**DATA SUPPLIED**
· · · · ·

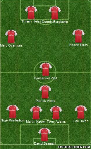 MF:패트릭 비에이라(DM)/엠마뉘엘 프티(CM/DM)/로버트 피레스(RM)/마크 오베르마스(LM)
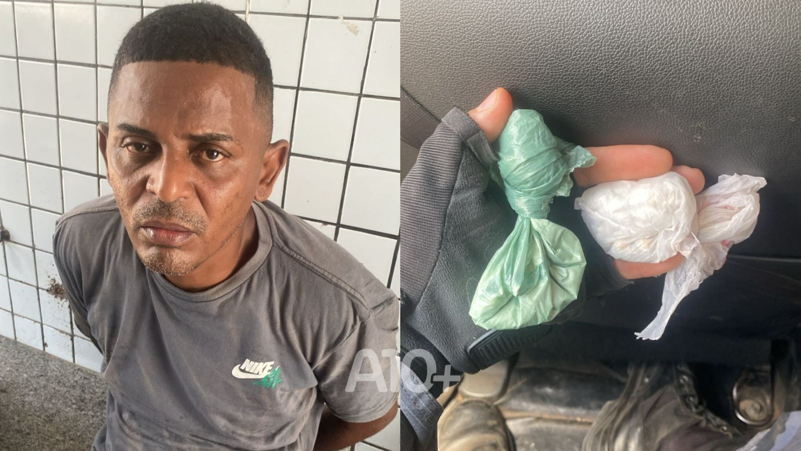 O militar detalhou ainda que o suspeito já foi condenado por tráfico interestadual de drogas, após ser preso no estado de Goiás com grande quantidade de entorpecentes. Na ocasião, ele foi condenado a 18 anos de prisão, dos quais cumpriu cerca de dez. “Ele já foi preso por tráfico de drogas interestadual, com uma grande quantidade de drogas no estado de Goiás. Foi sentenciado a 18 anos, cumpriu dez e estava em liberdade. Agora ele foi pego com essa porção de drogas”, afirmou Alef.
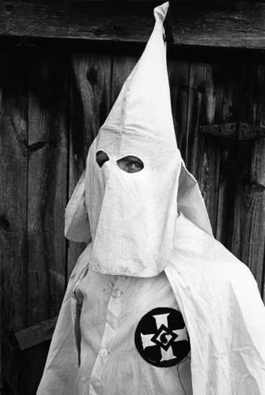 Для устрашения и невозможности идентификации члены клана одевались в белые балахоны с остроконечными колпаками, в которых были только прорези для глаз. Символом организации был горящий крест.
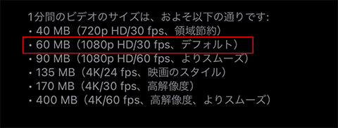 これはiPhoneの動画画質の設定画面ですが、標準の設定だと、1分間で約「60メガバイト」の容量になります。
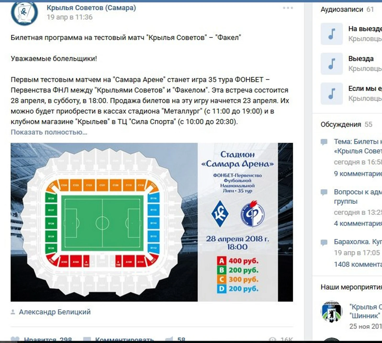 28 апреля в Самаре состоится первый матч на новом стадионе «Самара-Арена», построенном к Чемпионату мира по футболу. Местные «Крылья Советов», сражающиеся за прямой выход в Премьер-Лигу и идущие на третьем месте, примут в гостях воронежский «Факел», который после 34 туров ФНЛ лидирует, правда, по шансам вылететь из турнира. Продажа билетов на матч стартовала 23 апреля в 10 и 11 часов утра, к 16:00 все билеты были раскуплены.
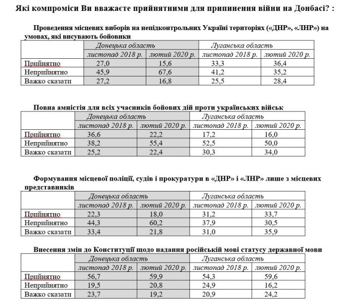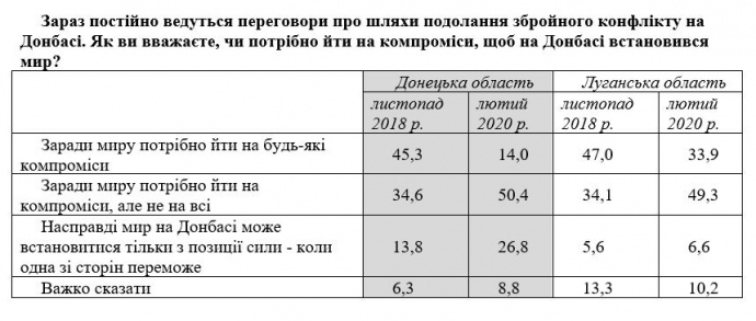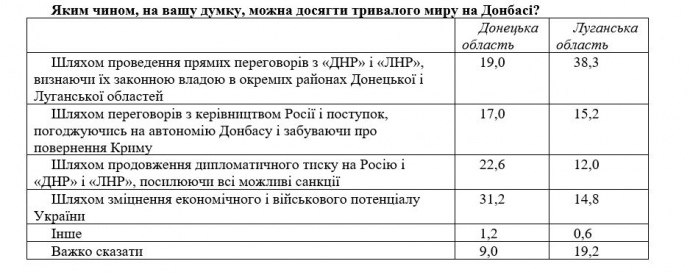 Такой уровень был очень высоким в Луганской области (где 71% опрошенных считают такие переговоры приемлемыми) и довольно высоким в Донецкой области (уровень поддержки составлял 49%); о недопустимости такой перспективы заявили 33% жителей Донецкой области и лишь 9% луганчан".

· · · · ·

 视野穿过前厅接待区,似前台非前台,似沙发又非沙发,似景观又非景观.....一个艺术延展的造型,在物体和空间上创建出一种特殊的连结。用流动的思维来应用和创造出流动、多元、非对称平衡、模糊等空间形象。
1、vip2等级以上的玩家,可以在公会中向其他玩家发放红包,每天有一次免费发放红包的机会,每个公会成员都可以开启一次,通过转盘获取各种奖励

· · · · ·

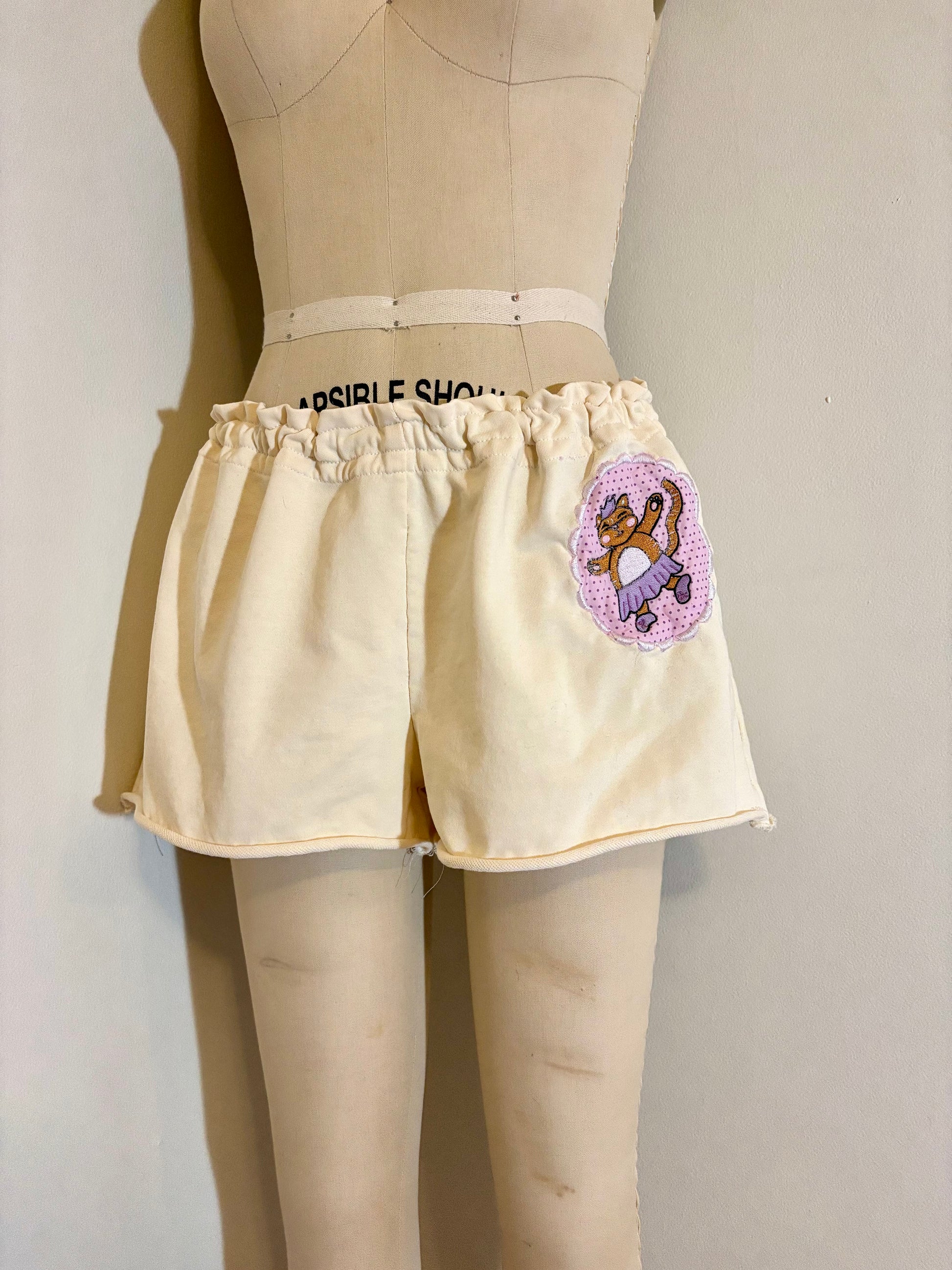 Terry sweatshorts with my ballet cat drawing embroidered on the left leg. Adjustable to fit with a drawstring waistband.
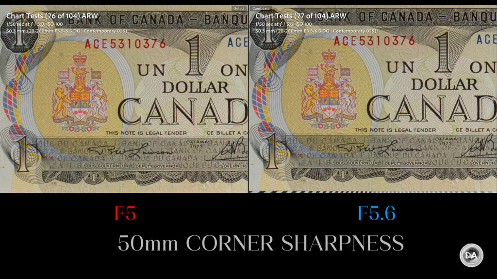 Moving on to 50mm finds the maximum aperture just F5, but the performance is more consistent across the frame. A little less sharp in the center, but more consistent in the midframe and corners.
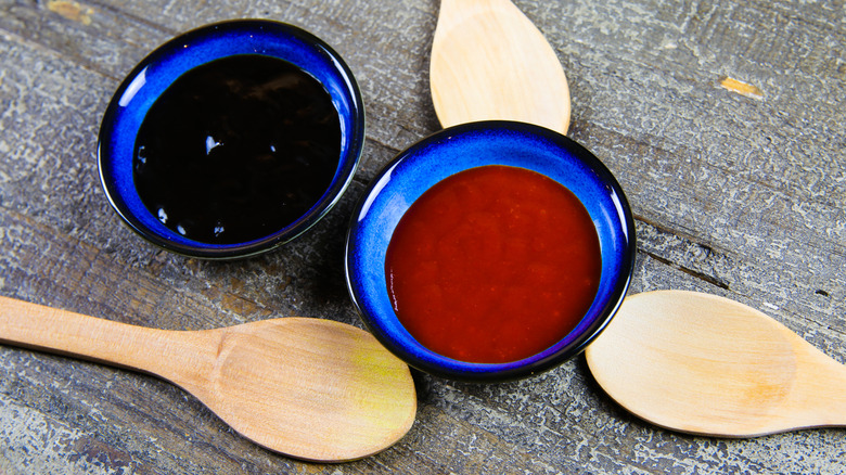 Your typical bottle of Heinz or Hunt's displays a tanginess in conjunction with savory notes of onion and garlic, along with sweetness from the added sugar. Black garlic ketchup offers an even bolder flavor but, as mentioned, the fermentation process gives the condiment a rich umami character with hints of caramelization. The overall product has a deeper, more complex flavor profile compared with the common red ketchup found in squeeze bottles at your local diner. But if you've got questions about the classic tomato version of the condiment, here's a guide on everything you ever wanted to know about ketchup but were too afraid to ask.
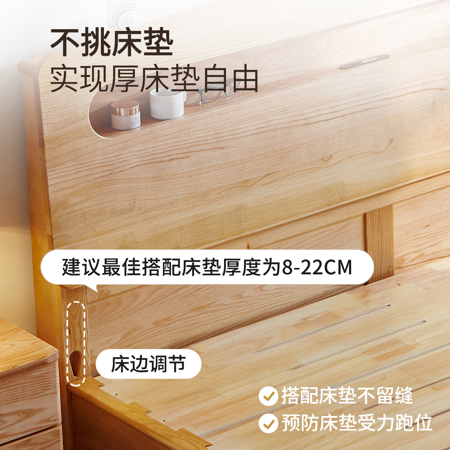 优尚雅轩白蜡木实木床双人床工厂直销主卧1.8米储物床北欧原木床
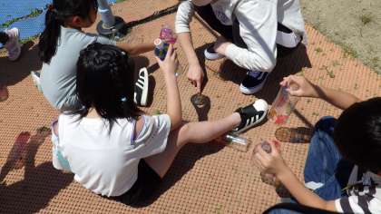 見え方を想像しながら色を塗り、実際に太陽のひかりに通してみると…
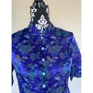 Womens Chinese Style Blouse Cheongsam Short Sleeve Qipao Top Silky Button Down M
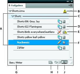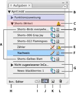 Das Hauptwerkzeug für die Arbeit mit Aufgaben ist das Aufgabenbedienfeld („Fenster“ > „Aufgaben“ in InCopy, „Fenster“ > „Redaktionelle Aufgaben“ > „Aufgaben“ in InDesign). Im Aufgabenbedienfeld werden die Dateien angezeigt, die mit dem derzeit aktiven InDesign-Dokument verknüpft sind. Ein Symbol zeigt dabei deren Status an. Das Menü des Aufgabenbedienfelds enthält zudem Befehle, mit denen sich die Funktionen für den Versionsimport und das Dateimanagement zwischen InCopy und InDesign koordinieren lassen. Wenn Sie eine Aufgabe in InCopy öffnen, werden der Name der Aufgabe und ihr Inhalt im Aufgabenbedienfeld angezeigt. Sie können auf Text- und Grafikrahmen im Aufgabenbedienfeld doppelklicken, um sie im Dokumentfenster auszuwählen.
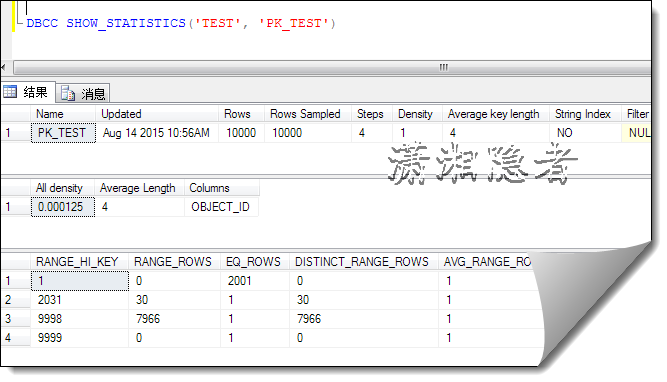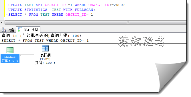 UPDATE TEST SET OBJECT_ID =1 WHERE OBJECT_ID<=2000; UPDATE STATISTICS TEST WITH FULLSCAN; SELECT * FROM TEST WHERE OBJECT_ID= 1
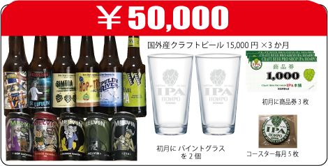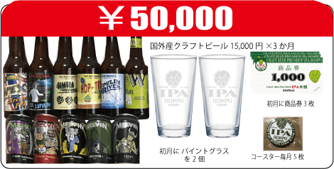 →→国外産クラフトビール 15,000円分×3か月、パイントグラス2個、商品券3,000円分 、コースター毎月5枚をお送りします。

· · · · ·

**YOUR INSTRUCTIONS**
Copy needed, without pictures: the lines of the listing above from the line containing "MF:패트릭 비에이라(DM)/엠마뉘엘 프티(CM/DM)/로버트" up to and including the line containing "これはiPhoneの動画画質", set down exactly.

**RESPONSE TO THE EXERCISE**
 MF:패트릭 비에이라(DM)/엠마뉘엘 프티(CM/DM)/로버트 피레스(RM)/마크 오베르마스(LM)
 O militar detalhou ainda que o suspeito já foi condenado por tráfico interestadual de drogas, após ser preso no estado de Goiás com grande quantidade de entorpecentes. Na ocasião, ele foi condenado a 18 anos de prisão, dos quais cumpriu cerca de dez. “Ele já foi preso por tráfico de drogas interestadual, com uma grande quantidade de drogas no estado de Goiás. Foi sentenciado a 18 anos, cumpriu dez e estava em liberdade. Agora ele foi pego com essa porção de drogas”, afirmou Alef.
 Для устрашения и невозможности идентификации члены клана одевались в белые балахоны с остроконечными колпаками, в которых были только прорези для глаз. Символом организации был горящий крест.
 これはiPhoneの動画画質の設定画面ですが、標準の設定だと、1分間で約「60メガバイト」の容量になります。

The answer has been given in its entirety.